New York state law requires property owners to keep the property in good condition. More specifically, state law says the owner must use “reasonable care to keep the premises in a reasonably safe condition for the protection of all persons whose presence is reasonably foreseeable.” But what does this mean? Who does the law require actually keep the property safe? Is there a time limit to file a claim?
First, it is important to note that slip-and-fall accidents and the laws that provide relief for victims are generally bound by state law. As such, the details may vary by state. Although the information provided in this piece is fairly broad, it is written focusing specifically on the application of New York law.
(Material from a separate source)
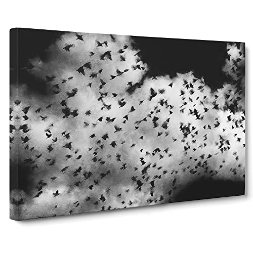 Birds On The Move Painting Modern Art Canvas Wall Art Print Ready to Hang, Framed Picture for Living Room Bedroom Home Office Décor, 20x14 Inch (50x35 cm)

In most slip-and-fall cases, the victim will need to ask whether or not there was a defect in the property that caused their injury and who was responsible for the defective condition. The victim will need to review the details of the case to determine if there was a defect. In the past, the court has agreed that detergent spilled on a grocery store floor, cables that are not secured to the floor and icy sidewalks all qualified as a defect. The second question, the “who” of the case, generally falls to the property owner or individual or business in control of the property at the time of the accident.
In most circumstances, those who are injured in a slip-and-fall accident in New York have three years from the date of the accident to file a claim against the property owner. Depending on the details of the accident, it may be wise to use expert testimony to help build your case. This is especially true if the property owner is a municipality or government entity. The best strategy to build the case will depend on the details of the accident.